We rise from COVID-19 by helping the neediest first: Sheikh Hasina

Bangladesh could have fallen prey to COVID-19 but we acted fast to protect both our most vulnerable people and businesses. As a result, the pandemic did not hit Bangladesh as hard as other countries. We are emerging from the pandemic in a good position to continue the economic resurgence that began a decade ago.

Our approach to fighting COVID-19 was to balance lives and livelihoods, focusing on the needs of people first and then assisting the businesses that employed them.

At the very start of the pandemic last year, the government offered relief to the ultra-poor, the disabled, seniors, migrants, and impoverished women. We quickly distributed cash and other types of assistance to 40 million people, a quarter of the population. This came in the form of 28 separate stimulus programs totaling $22.1 billion–nearly 6.2% of our Gross Domestic Product (GDP). We spent billions of additional dollars on vaccines and other emergency measures.

People continue to be at the heart of everything we do, whatever the Omicron variant brings. The government instituted a “No One Will Go Hungry” policy that provided rice, baby food, and cash to 16.8 million families. We targeted payments to the aged, the disabled, and deserted and destitute women.
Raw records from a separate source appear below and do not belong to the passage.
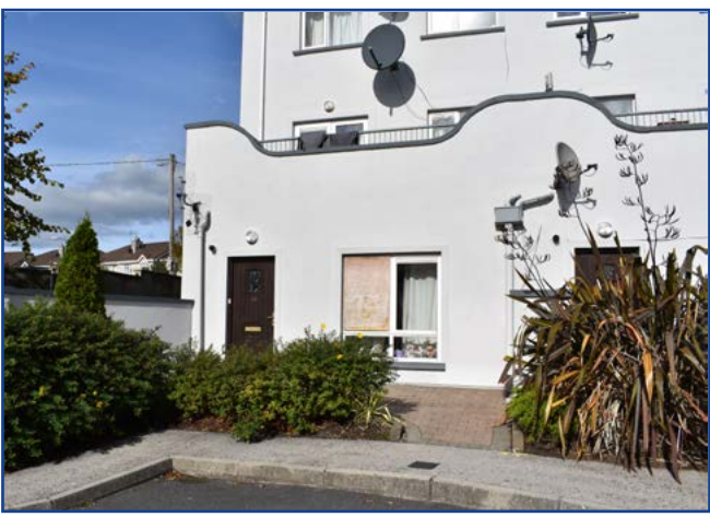
36 Ard na Corann, Midleton, Co. Cork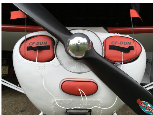
Aeronca 11AC Engine Inlet Plugs

Engine Inlet Plugs are custom fit for your Aeronca Chief 11AC, Super Chief 11CC intakes, made with heavy-duty vinyl material, and stuffed with a single block of sculpted urethane foam. Each plug has a zipper that allows the foam to be removed and dried if necessary. Engine plugs have warning flags that are visible from the cockpit or 'remove before flight' streamers sewn onto the face of the plugs. Most plugs are imprinted with the aircraft registration number in black for an extra charge. Storage bag NOT included. Engine plugs may be inserted after flight when the engine is still warm. Engine Inlet Plugs are commonly referred to as Cowl Plugs, Intake Plugs, Cowl Blocks, Engine Blocks, and Engine Bungs.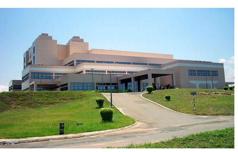
A view of the Accra International Conference Centre (AICC)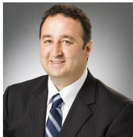
The Hon Shaoquett Moselmane MLC Member of Legislative Council Parliament of New South Wales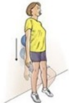
Wall squat with a ball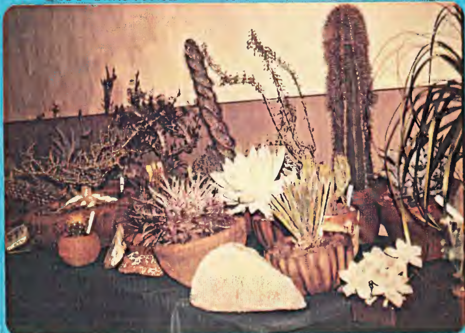
Best Exhibit - Dorothy Dunn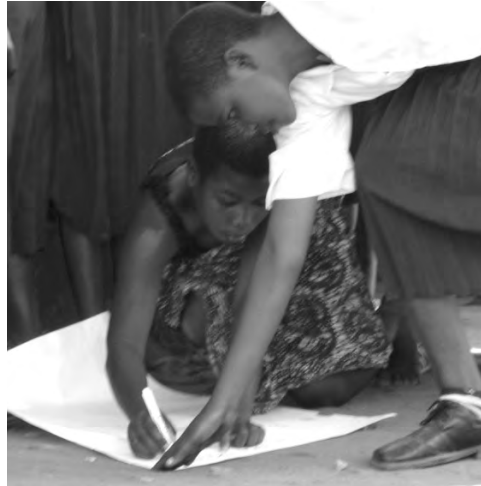
School girls in a Tanzanian village in action during a CLTS triggering session. Young adolescent girls are those affected the worst by the effects of open defecation. If facilitated properly they often take urgent action in stopping OD. Senior school girls in Bangladesh said that they were not late to school any more because they had latrines. Before CLTS they had to wait around the bush for an opportune moment when no men were around. They couldn't wake up before sunrise as their mothers did.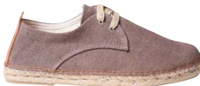
DIXON BROWN $138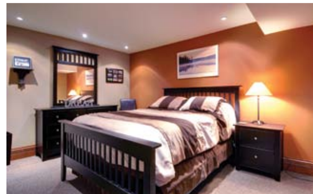
The comfortable master bedroom is a "wonderful place to be" for the couple. TOP RIGHT: A compromise between mother and son, one bright green wall adds a splash of colour to the teenager's bedroom. RIGHT: Making excellent use of a long basement, a wooden room divider creates a cosy guest sleeping space off of the rec room.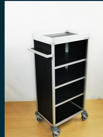
CART N° 2

transport of dirty linen and garbage: completely closed to avoid contaminations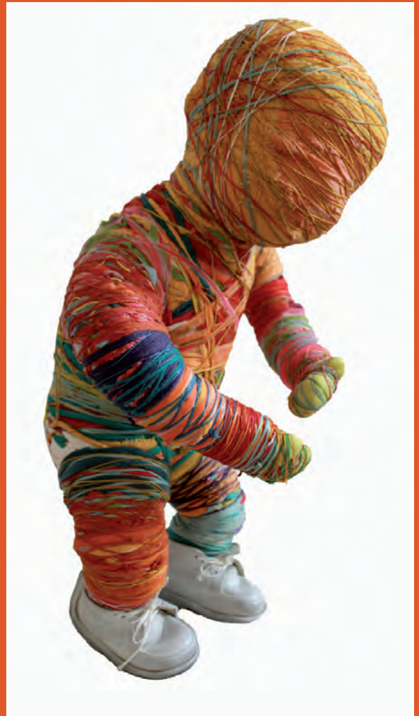
NEO 2013 Mixed media: puppet, textile, cords 52x30x26cm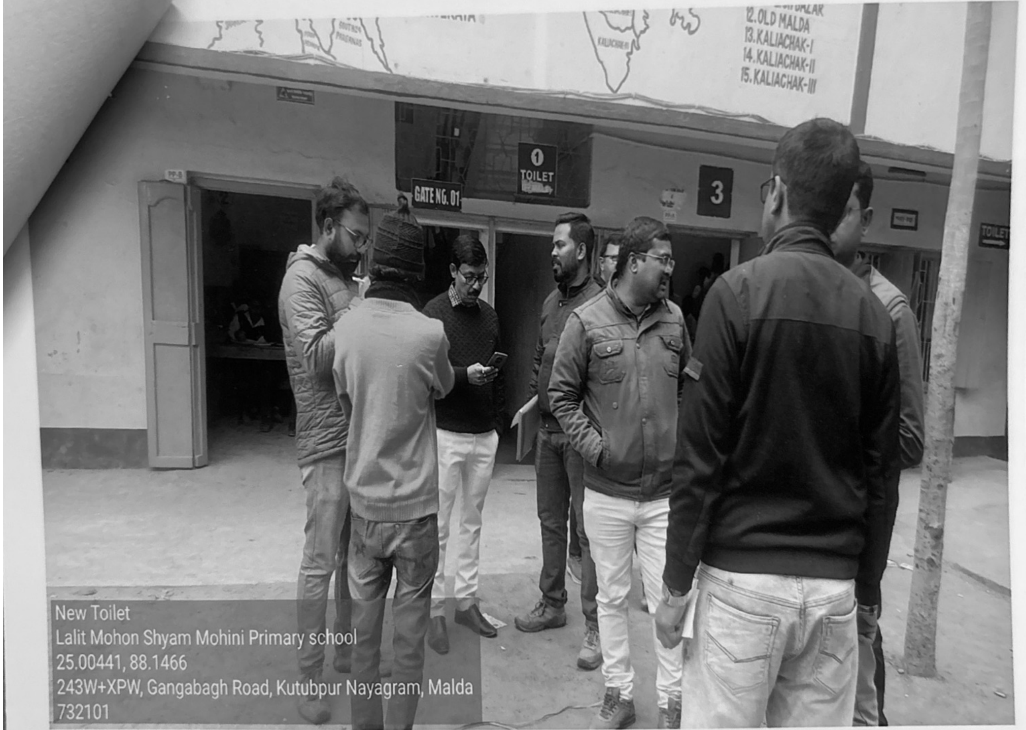
New Toilet Lalit Mohon Shyam Mohini Primary school 25.00441, 88.1466 243W+XPW, Gangabagh Road, Kutubpur Nayagram, Malda 732101

We expanded a program inaugurated prior to the pandemic to build houses for the homeless to commemorate the centenary of the birth of my father–the founding father of the nation and its first president–Bangabandhu Sheikh Mujibur Rahman. The program contributed immensely to our fight against the disease.

The government also prioritized assisting small businesses and their employees. We offered low-interest loans to small-business entrepreneurs, especially women and farmers. Government loans on favorable terms also were used to pay workers in the tourism and hospitality industries that were ravaged by shutdowns.

Larger businesses also received assistance: Several rounds of multi-billion-dollar payments went to employees of export-oriented companies, such as those in our vital garment-making industry. A working-capital loan facility was established to keep both big manufacturers and rapidly growing service firms, including information technology companies, in operation. Interest payments on these loans were split between the borrowers and the government. Interest payments on all commercial loans, in fact, were suspended for two months last year and then spread out over the next 12 months to ease the financial burden on employers.